Everything Turns Out Okay

Everything Turns Out Okay

Barbara Kruger’s campaign to banish cynicism survives GOP hijacking of her favorite color

In college lectures in the early 1990s, few artists were as frequently covered as Barbara Kruger. Her images found their way into the curriculum of several of my classes, even beyond the art history department. Once I began my career in the art world employed by the gallery that represents her, I was surprised that her work always seemed undervalued in comparison to other artists of her stature.

In the aftermath of her recent traveling retrospective, the commercial market for Kruger’s work has risen. Her New York gallery has mounted two exhibitions this year, and one of her most important works, “I Shop Therefore I Am,” recently sold for more than $600,000.

However, compared to the work of other photo-based artists from the 1980s, her work is still reasonably obtained, if you happen to be in the market for buying art.

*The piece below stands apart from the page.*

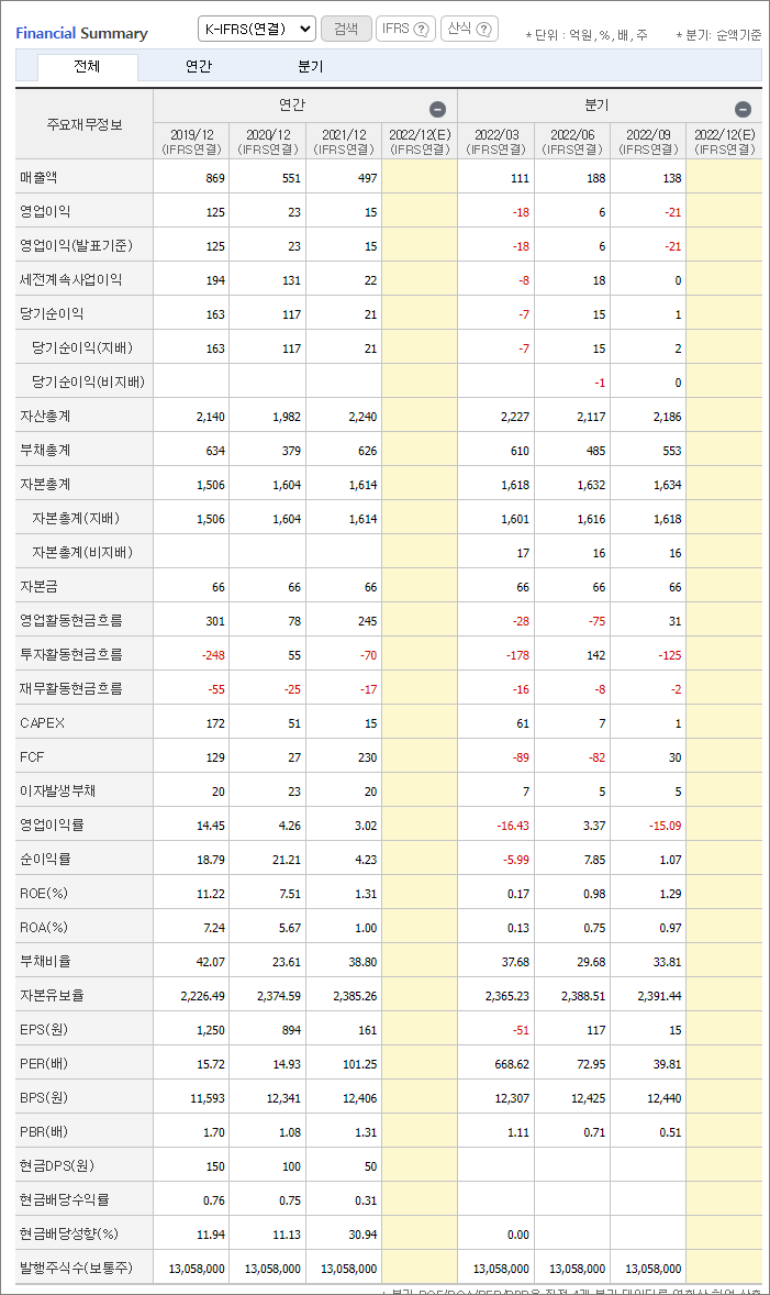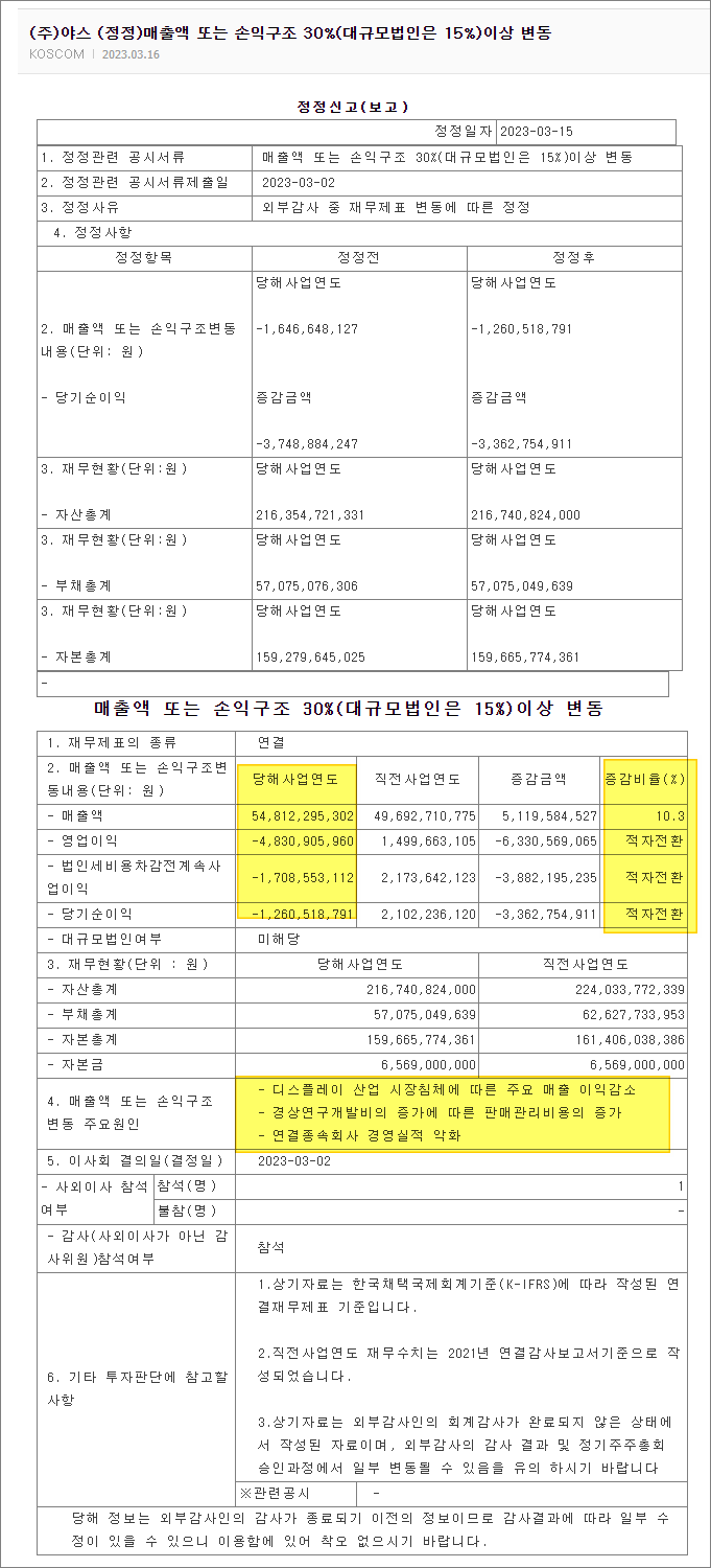 아직 22년 사업보고서 제출 전이라 4분기 실적이 미반영 상태입니다. 디스플레이 업종이 계속 안좋다보니, 야스 실적도 계속 안좋은 상황인데, 최근 발표한 잠정실적을 보면..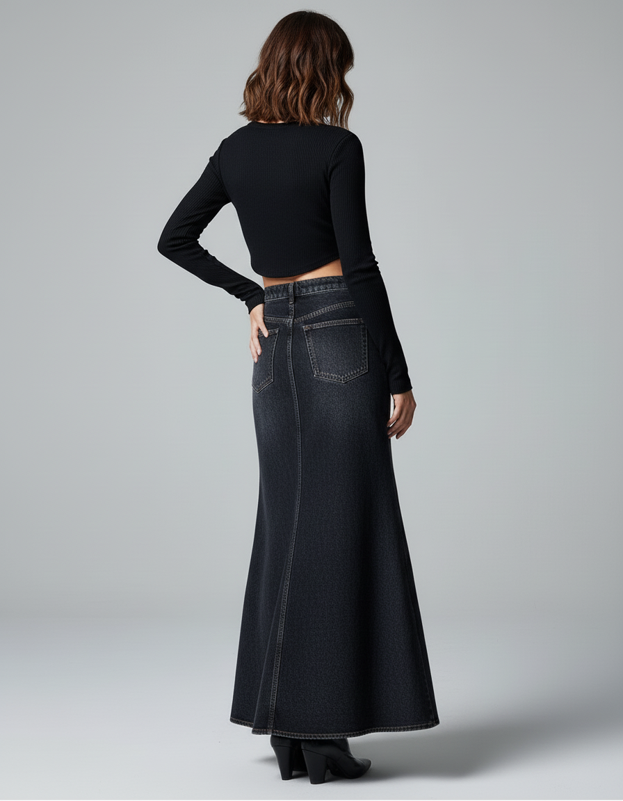 Cette jupe longue est fabriquée en denim de couleur noire délavée. Elle présente une silhouette ajustée sur le haut et évasée vers le bas.

If you are not, however, you can still go for free and appreciate the second of her two installments this year at the Mary Boone Gallery. The exhibition is a mini-retrospective focused on the artist’s color work that ranges beyond her signature red, white and black.

The exhibition includes some recent work aimed at Pres. George W. Bush. In one, a blurry image of the president looking typically sincere but clueless is overlaid with the text “Pro-life for the unborn/Pro-death for the born.”

This being a Barbara Kruger exhibition, there is no lack of calculated political play during a heated electoral season. Besides renderings of Bush, there are ample images of the American flag, as well as a large vinyl piece with the words of the “Pledge of Allegiance” written in bold, white block letters across a Kruger-red background.

What always impresses me about Kruger’s work is how indelible it is. She engages the visual vocabulary of the popular media to interject alternative, critical or subversive questions into that flow. Her style is so much indebted to popular media that it is often ironically co-opted by it, such as on the cover of last week’s Time Out New York issue on post-election depression.

Kruger has a brilliant knack for tapping into collective insecurities and for exposing or challenging maniacal social assumptions. In one piece, a beautiful stylized photograph of a flock of male swimmers in Esther Williams swimming bonnets is overlaid with “busy” words of all sorts: “Busy strategizing… Busy judging… Busy blaming… Busy making… etc.” A 1950s leisure swim becomes a water rat race.

In another work aimed at commerce, power and business, a black-and-white image of two hands coming together in a handshake over a map is provocatively overlaid with the words “Admit nothing/Blame Everyone/Be Bitter.”

In spite of its typical tone of sharp criticism, one of the strongest qualities in Barbara Kruger’s work is its sometimes-poetic sense of hopefulness. Her work clearly opposes abuse of power, injustice and hypocrisy. In challenging these evils, Kruger presents an enlightened alternative to business as usual.

This quality is nowhere more evident than in a magnificent piece, which hangs just around the corner in the gallery office. It’s my personal favorite. It features a little green bird standing in an open palm. In the upper left corner reads “Let,” and in the lower right “Go.” Wise words, no matter the context. Definitely peek around the corner and have a look for yourself.